PROBLEM STATEMENT:
Give back an exact repetition of the material below, from its first line through the line that contains "企业信息化总体架构主要涵盖企", both included, minus the pictures.

AVAILABLE DATA:
====
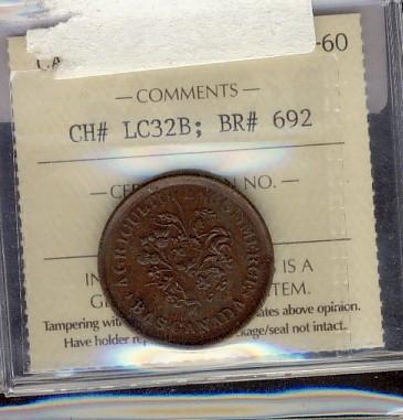 Breton #692, Charlton #LC32B, graded ICCS MS-60. Nice & srtong bouquet sou.
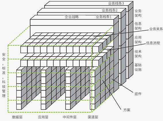 企业信息化总体架构主要涵盖企业业务架构、企业信息架构企业应用架构、企业网络基础设施架构、企业信息安全架构、企业信息组织架构等,为信息化建设的实施提供一副完整的蓝图,全面系统地指导企业信息化建设的进程。架构由3个框架元素组成:架构、方法论、工具。
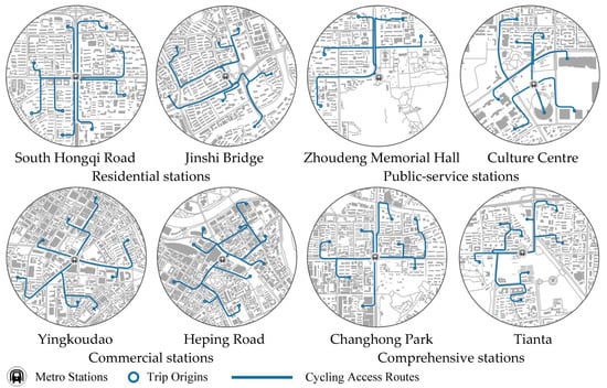 Entrance–exit density along cycling routes is highest around comprehensive and commercial stations, with Changhong Park station (0.97) and Yingkoudao station (0.87) having the highest scores. In contrast, public-service and residential station areas have lower entrance–exit densities, with Zhoudeng Memorial Hall station (0.50) and Culture Centre station (0.55) scoring the lowest. This pattern suggests that the fine-grained and diverse urban structures for land use in commercial and comprehensive station areas lead to more entrances and exits, a characteristic commonly observed in Chinese cities [].
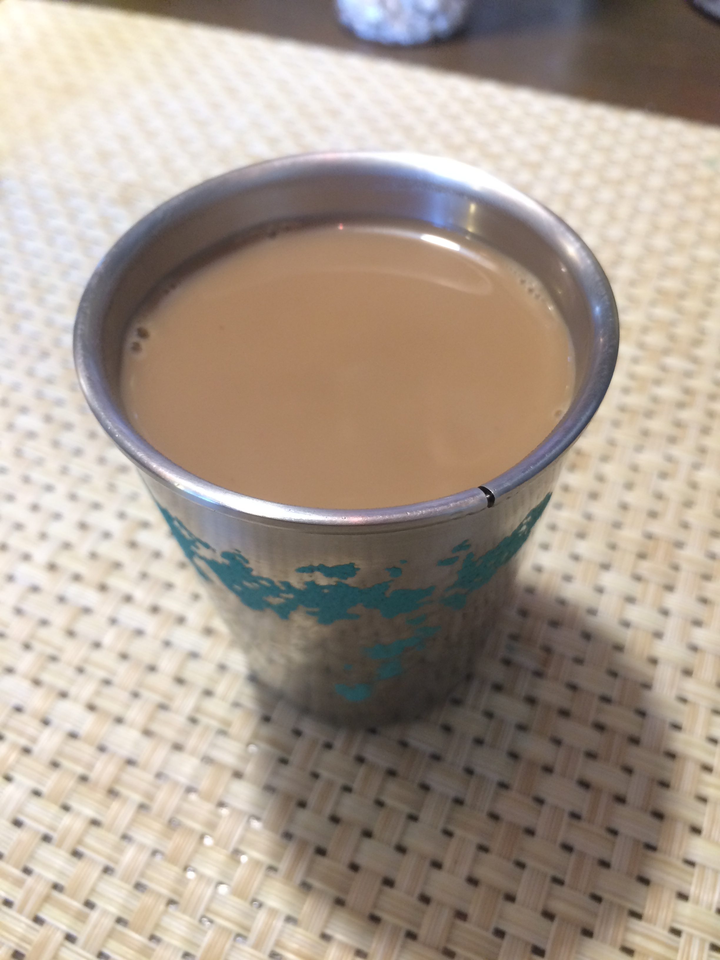 このチャイカップは、二層になっていてチャイを飲むときグラスが傾くと層の間に入っているもの後動いてカラカラ音がします。
====
TASK RESPONSE:
 Breton #692, Charlton #LC32B, graded ICCS MS-60. Nice & srtong bouquet sou.
 企业信息化总体架构主要涵盖企业业务架构、企业信息架构企业应用架构、企业网络基础设施架构、企业信息安全架构、企业信息组织架构等,为信息化建设的实施提供一副完整的蓝图,全面系统地指导企业信息化建设的进程。架构由3个框架元素组成:架构、方法论、工具。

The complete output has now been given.